X_features = ['size(sqft)','bedrooms','floors','age']

### Scale/normalize the training data

In [None]:
scaler = StandardScaler()
X_norm = scaler.fit_transform(X_train)
print(f"Peak to Peak range by column in Raw        X:{np.ptp(X_train,axis=0)}")   
print(f"Peak to Peak range by column in Normalized X:{np.ptp(X_norm,axis=0)}")

### Create and fit the regression model

In [None]:
sgdr = SGDRegressor(max_iter=1000)
sgdr.fit(X_norm, y_train)
print(sgdr)
print(f"number of iterations completed: {sgdr.n_iter_}, number of weight updates: {sgdr.t_}")

### View parameters
Note, the parameters are associated with the *normalized* input data.
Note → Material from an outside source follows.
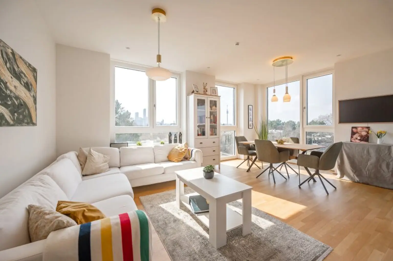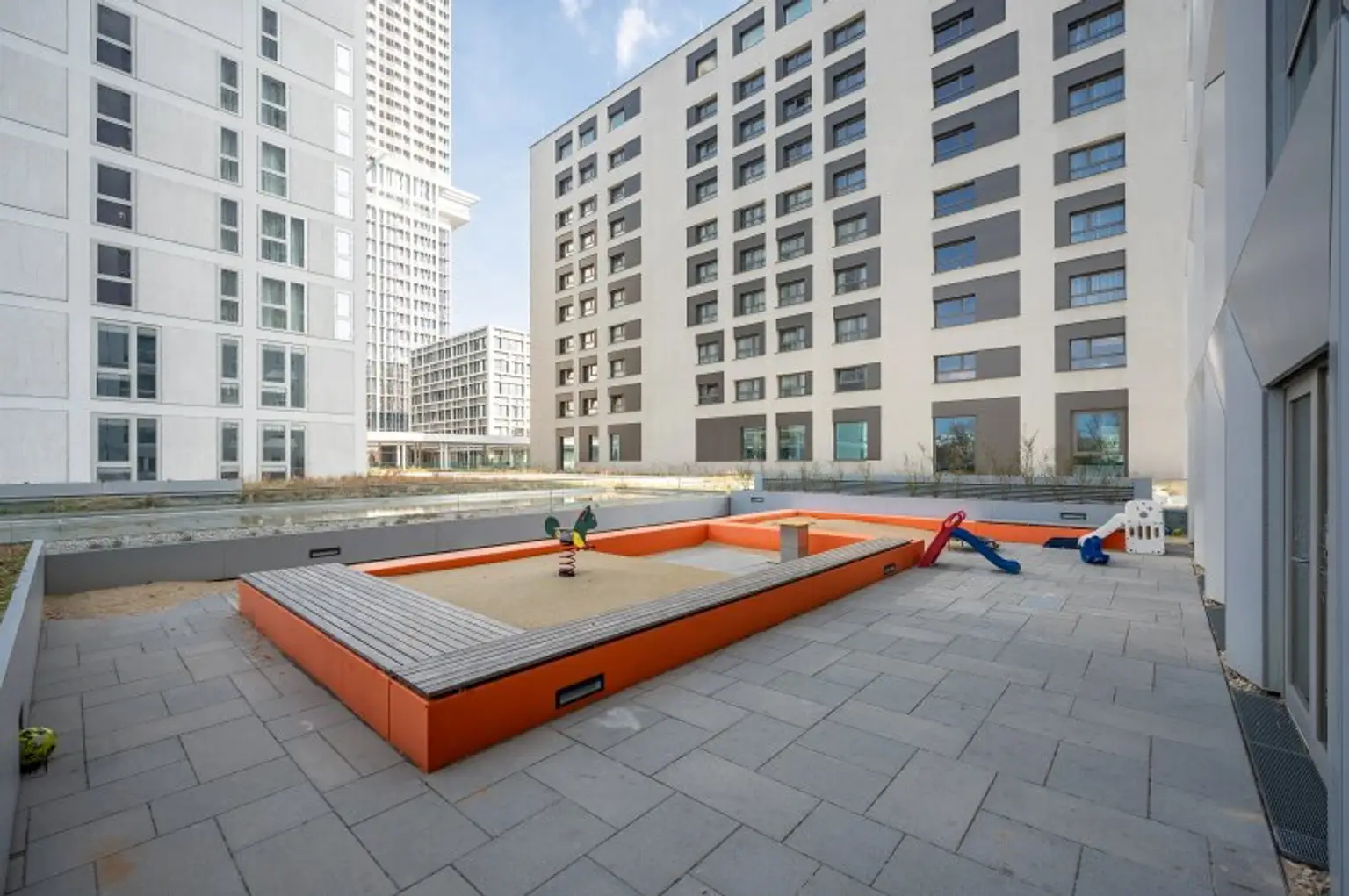 Die Wohnung liegt in einer begehrten Gegend des 22. Bezirks mit exzellenter Infrastruktur und internationalen Einrichtungen.

The fit parameters are very close to those found in the previous lab with this data.

In [None]:
b_norm = sgdr.intercept_
w_norm = sgdr.coef_
print(f"model parameters:                   w: {w_norm}, b:{b_norm}")
print( "model parameters from previous lab: w: [110.56 -21.27 -32.71 -37.97], b: 363.16")

### Make predictions
Predict the targets of the training data. Use both the `predict` routine and compute using $w$ and $b$.

In [None]:
# make a prediction using sgdr.predict()
y_pred_sgd = sgdr.predict(X_norm)
# make a prediction using w,b. 
y_pred = np.dot(X_norm, w_norm) + b_norm  
print(f"prediction using np.dot() and sgdr.predict match: {(y_pred == y_pred_sgd).all()}")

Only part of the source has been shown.